Source material Block Start

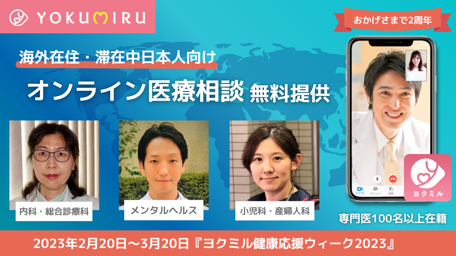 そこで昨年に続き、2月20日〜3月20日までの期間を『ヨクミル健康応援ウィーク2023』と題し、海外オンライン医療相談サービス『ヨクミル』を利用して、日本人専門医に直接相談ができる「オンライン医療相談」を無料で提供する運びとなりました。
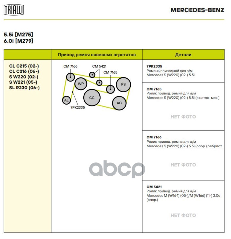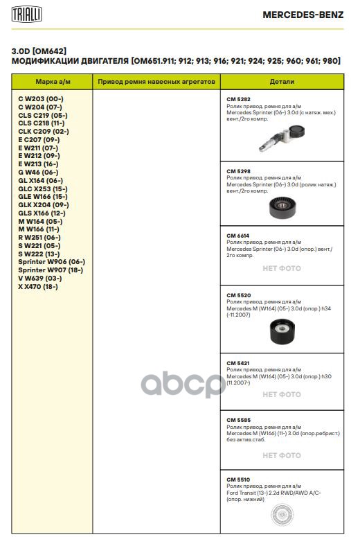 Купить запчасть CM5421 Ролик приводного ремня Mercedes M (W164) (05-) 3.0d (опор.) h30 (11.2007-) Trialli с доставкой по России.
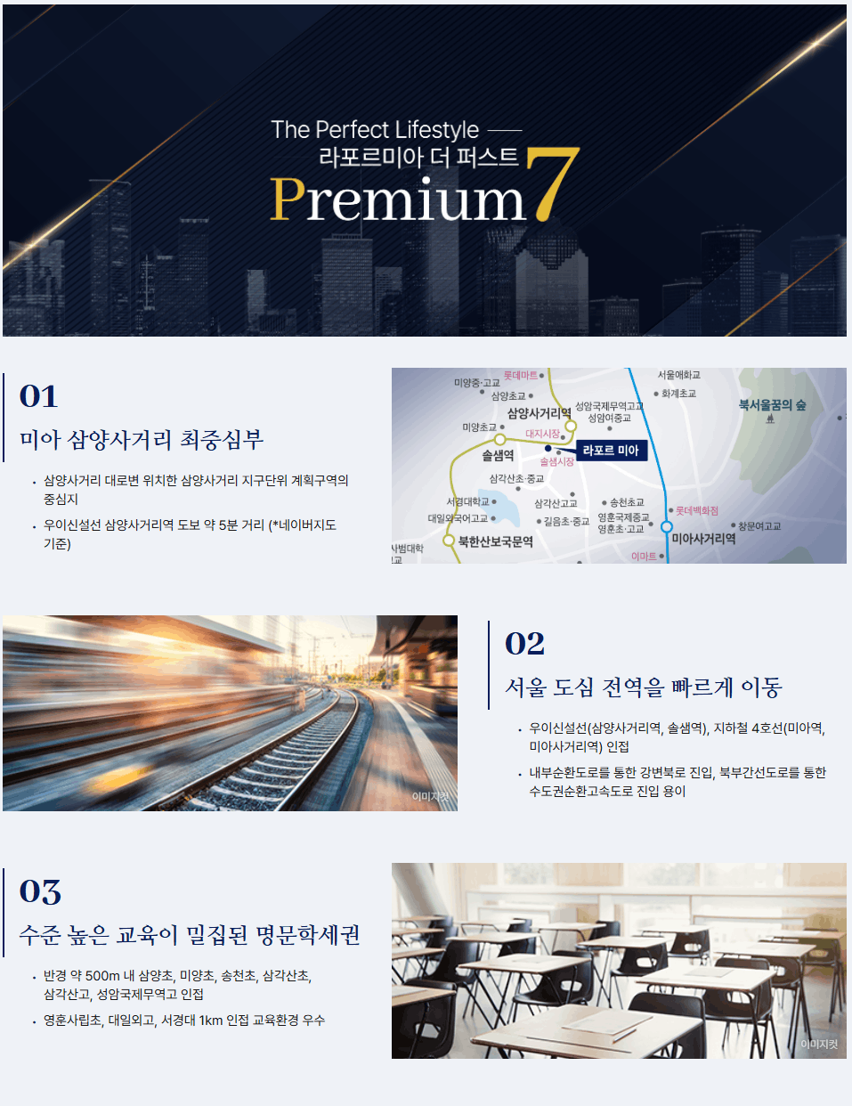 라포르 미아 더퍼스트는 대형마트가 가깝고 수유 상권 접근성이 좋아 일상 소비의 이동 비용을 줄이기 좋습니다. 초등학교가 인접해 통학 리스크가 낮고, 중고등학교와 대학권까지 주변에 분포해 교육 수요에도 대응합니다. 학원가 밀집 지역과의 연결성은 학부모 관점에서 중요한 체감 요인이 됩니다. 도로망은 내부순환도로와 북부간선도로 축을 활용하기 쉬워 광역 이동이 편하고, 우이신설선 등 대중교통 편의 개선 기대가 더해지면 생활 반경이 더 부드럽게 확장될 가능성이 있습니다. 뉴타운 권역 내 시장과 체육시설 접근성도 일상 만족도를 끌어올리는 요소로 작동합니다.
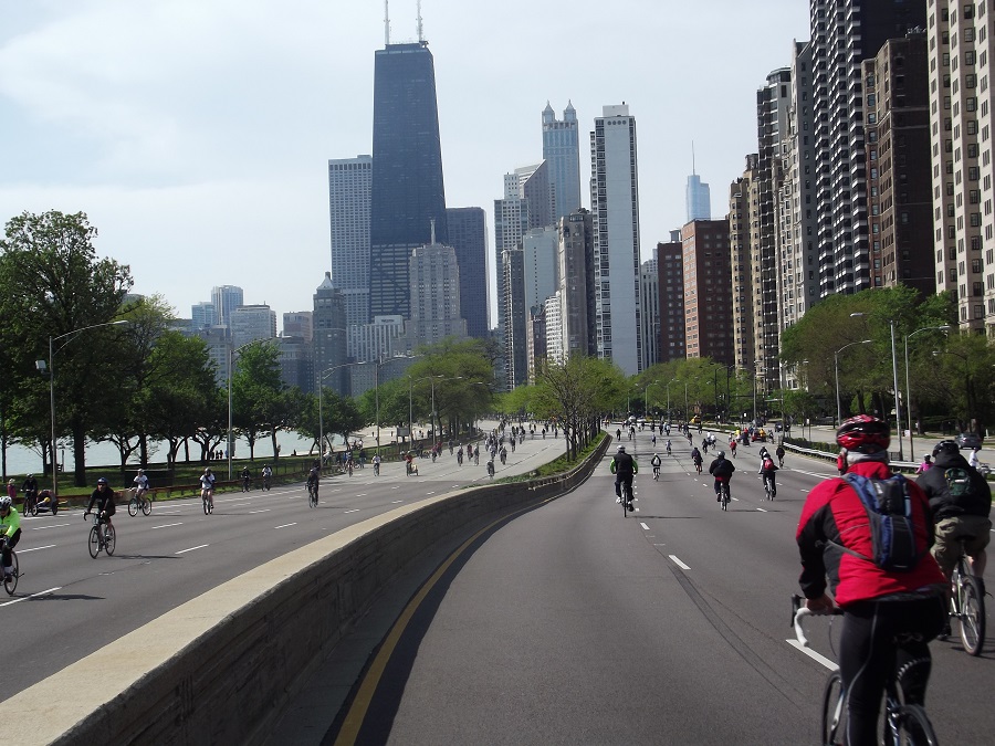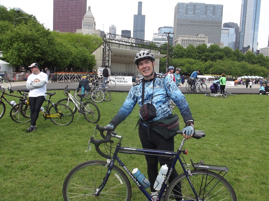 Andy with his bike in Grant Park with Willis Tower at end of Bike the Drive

Source material Block End

→ Your goal: Output the listing exactly, pictures excluded.

→ Written solution:
 そこで昨年に続き、2月20日〜3月20日までの期間を『ヨクミル健康応援ウィーク2023』と題し、海外オンライン医療相談サービス『ヨクミル』を利用して、日本人専門医に直接相談ができる「オンライン医療相談」を無料で提供する運びとなりました。
 Купить запчасть CM5421 Ролик приводного ремня Mercedes M (W164) (05-) 3.0d (опор.) h30 (11.2007-) Trialli с доставкой по России.
 라포르 미아 더퍼스트는 대형마트가 가깝고 수유 상권 접근성이 좋아 일상 소비의 이동 비용을 줄이기 좋습니다. 초등학교가 인접해 통학 리스크가 낮고, 중고등학교와 대학권까지 주변에 분포해 교육 수요에도 대응합니다. 학원가 밀집 지역과의 연결성은 학부모 관점에서 중요한 체감 요인이 됩니다. 도로망은 내부순환도로와 북부간선도로 축을 활용하기 쉬워 광역 이동이 편하고, 우이신설선 등 대중교통 편의 개선 기대가 더해지면 생활 반경이 더 부드럽게 확장될 가능성이 있습니다. 뉴타운 권역 내 시장과 체육시설 접근성도 일상 만족도를 끌어올리는 요소로 작동합니다.
 Andy with his bike in Grant Park with Willis Tower at end of Bike the Drive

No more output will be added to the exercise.